21 Oct

Planting Garlic

In all the places where cold winters blanket the Earth, fall is the time for planting garlic. In general, the middle of October is a great time to do so.

Prepare the bed as usual. Make sure that there are no rocks, sticks or weeds and that the bed is in an area that will get at least six (preferably eight) hours of sunlight a day. Adding some organic alfalfa meal, kelp meal and old manure or compost gives the garlic—and the worms—something to eat. Sprinkle the meal on the top; about a coffee can of alfalfa and ½ a coffee can of kelp will suffice with a bed that’s 18 feet long and three feet wide.

014 If you can, it’s nice to add a good ¾ inch of old manure or compost—spread this on top as well. Fluff up the soil by inserting a broad fork or a pitchfork every few inches and lifting it up a bit. Rake it flat.

017Now it’s ready to plant. Break apart the garlic cloves using a flat butter-type knife. Using a dibble (a tool specifically designed for planting garlic and onions) or a pointed stick, make holes about five inches deep and five or six inches apart. It’s nice to stagger the rows a bit.
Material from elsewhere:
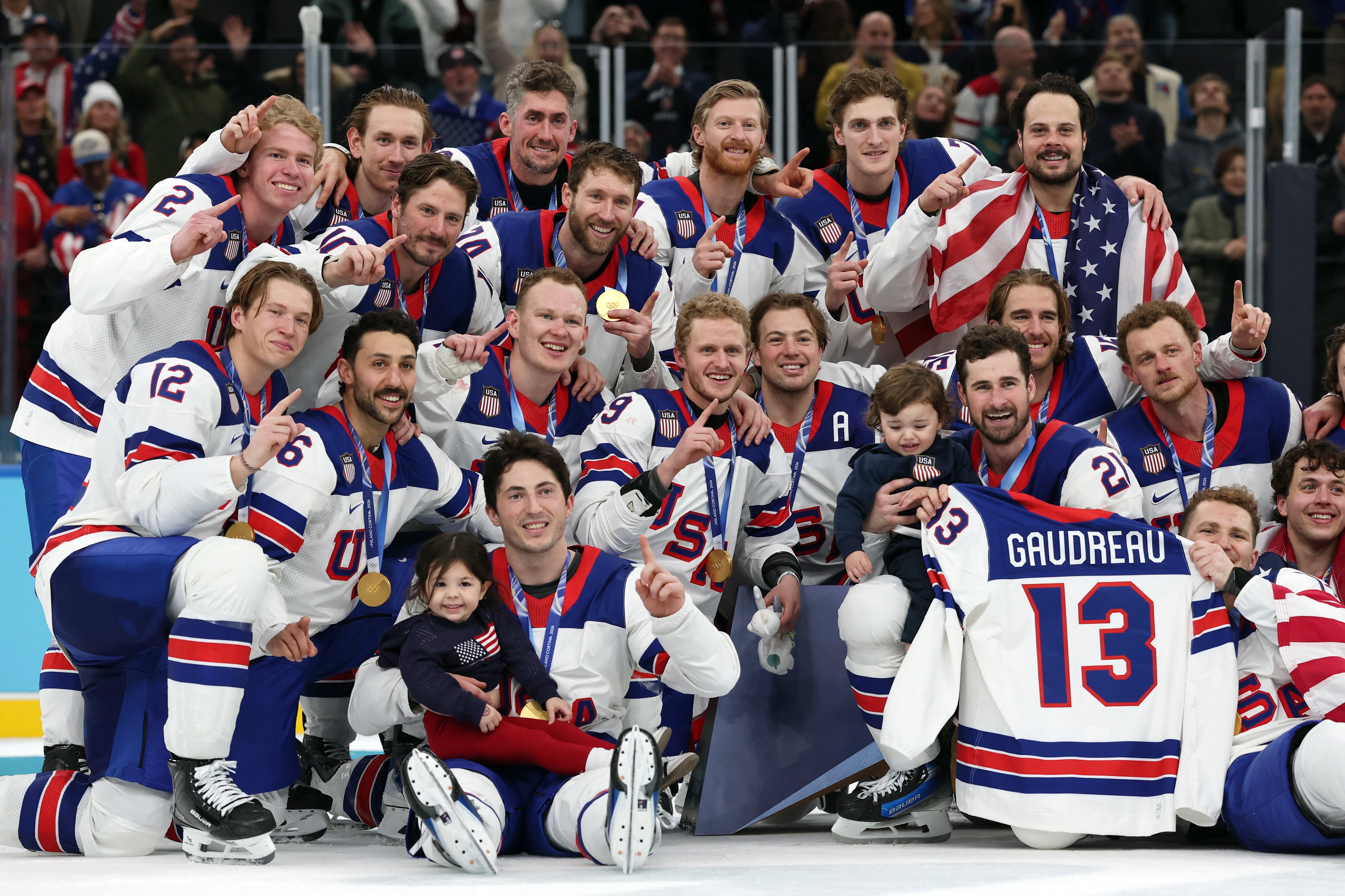 22일 밀라노 코르티나 동계올림픽 아이스하키 결승에서 캐나다를 꺾은 미국 대표팀이 기뻐하고 있다./밀라노=김동현 기자 |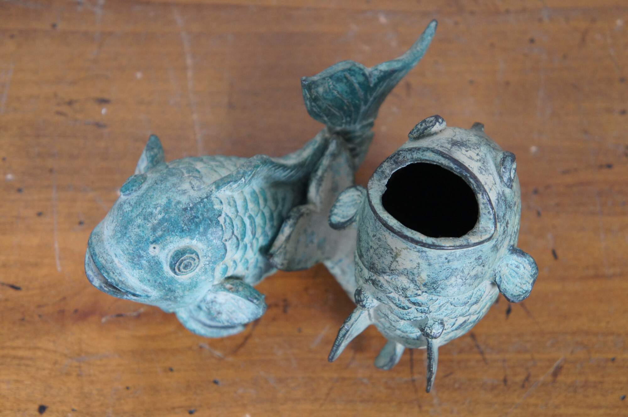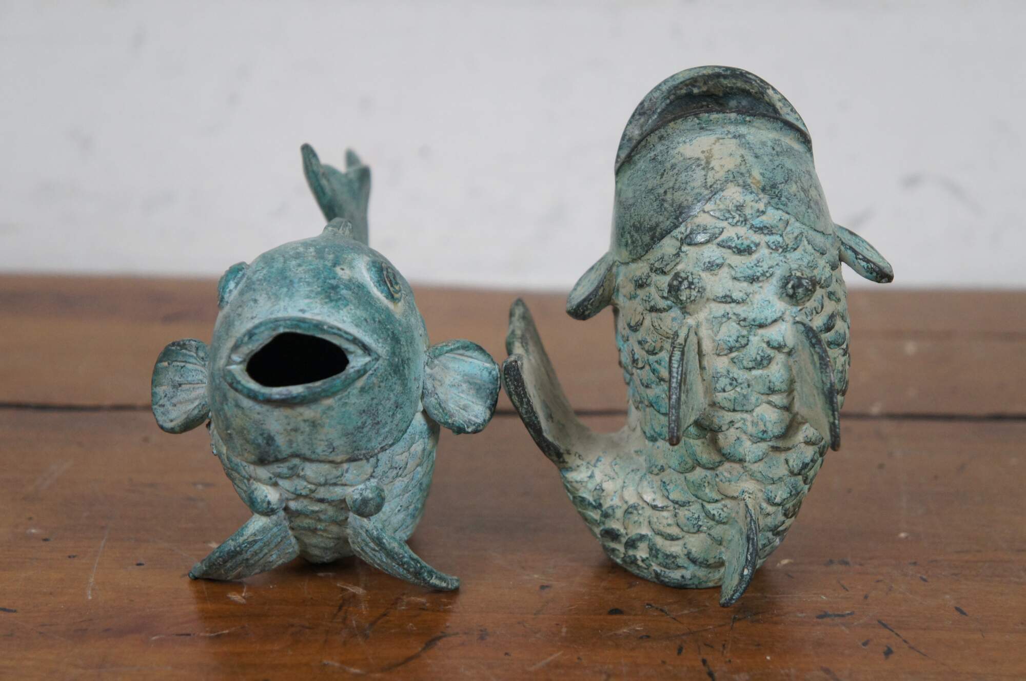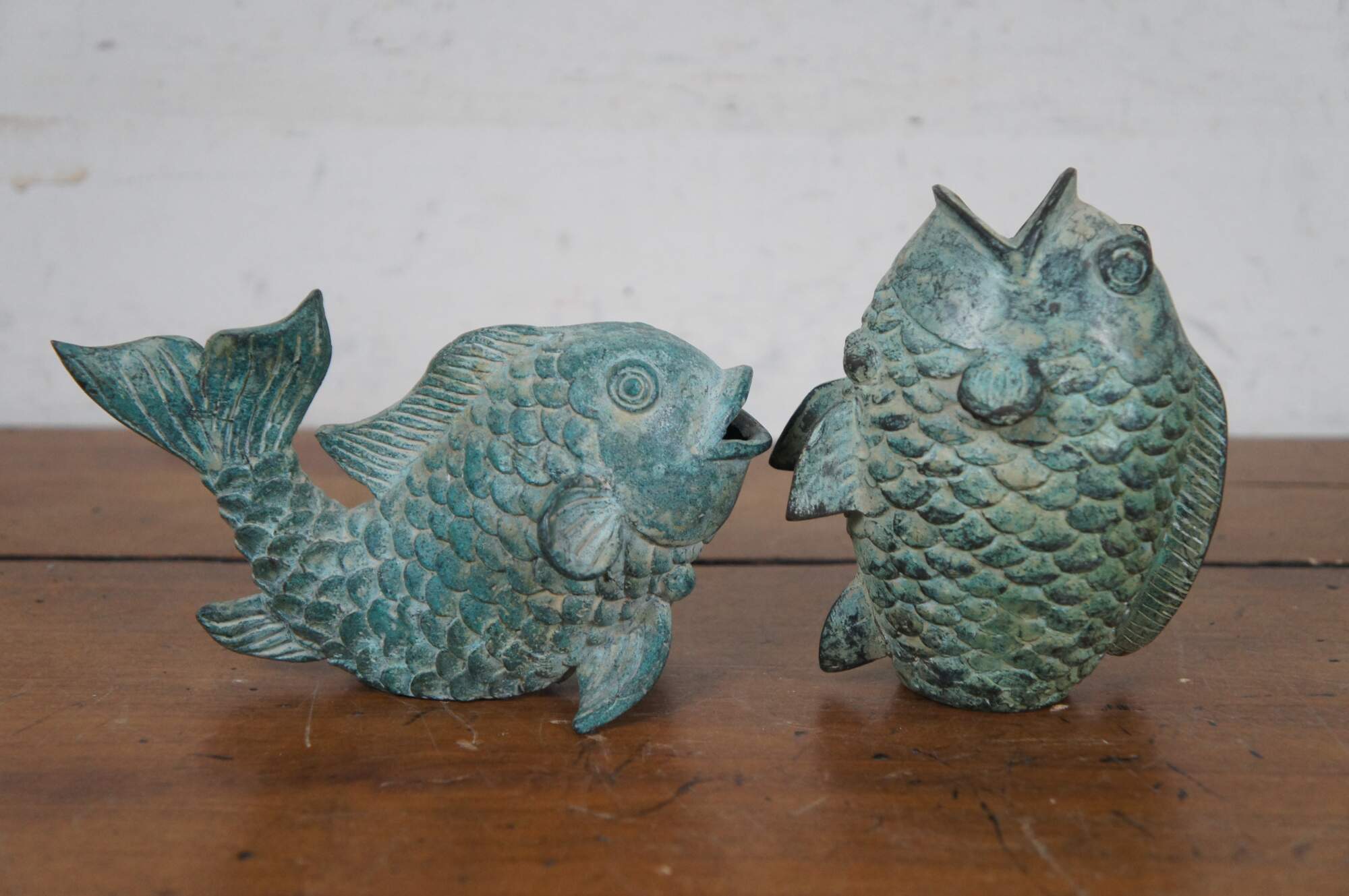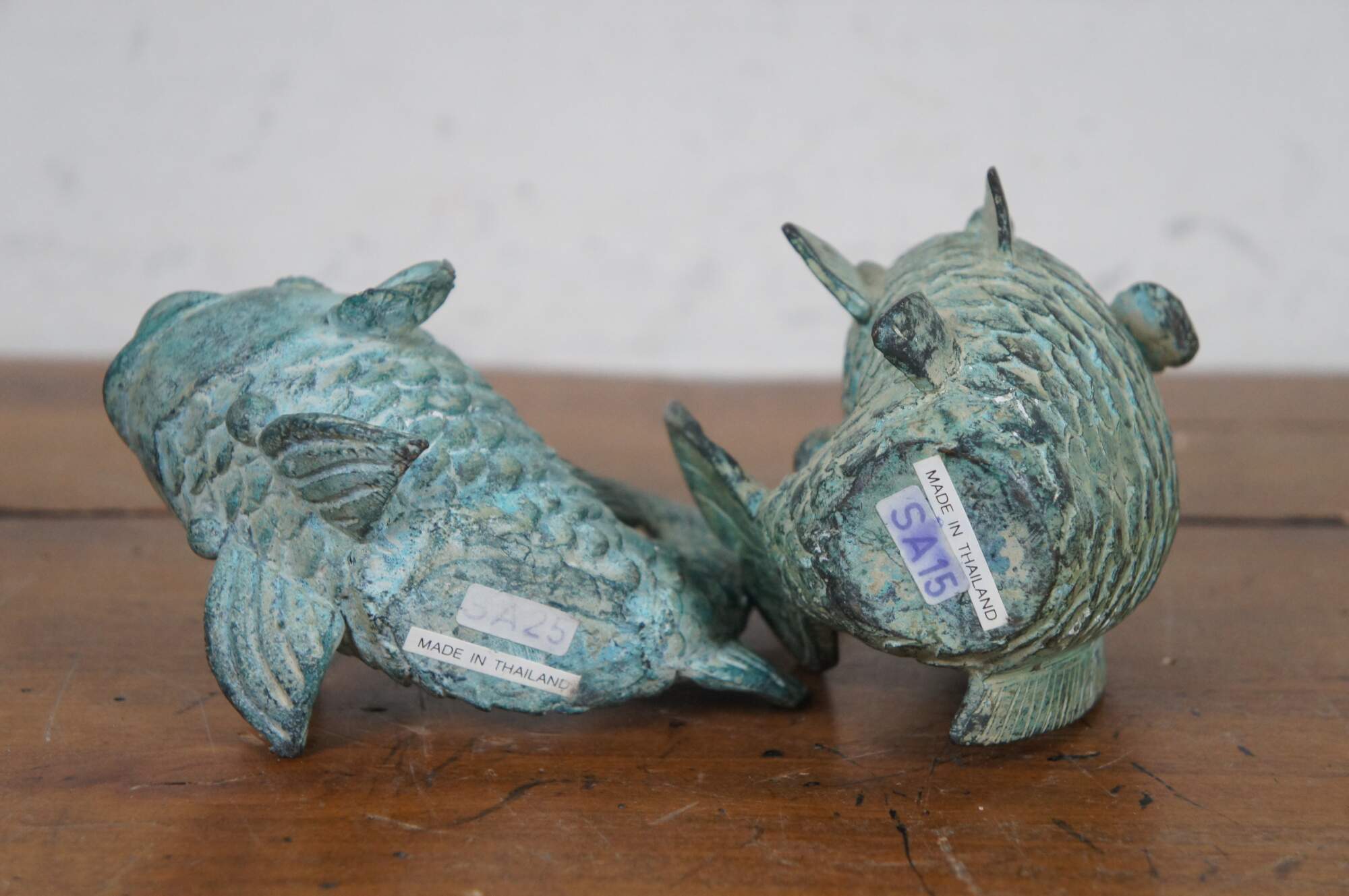 Pair of vintage cast metal figurines in the shape of koi fish, one perched on his belly, one upright on his tail. Made in Thailand. SA25

020Place one garlic clove in each hole being sure to place the pointy end up. Cover by brushing some soil over the bulb and fill up the hole.

Garlic can benefit from a little mulch and there are usually lots of leaves on the ground at this time of year which can be used. I place my sunflower stalks on top of the leaves to keep them from blowing away. Or, it can be covered with hay. Tucked in this way for the winter, the garlic will actually grow under the mulch (and snow if there is any!).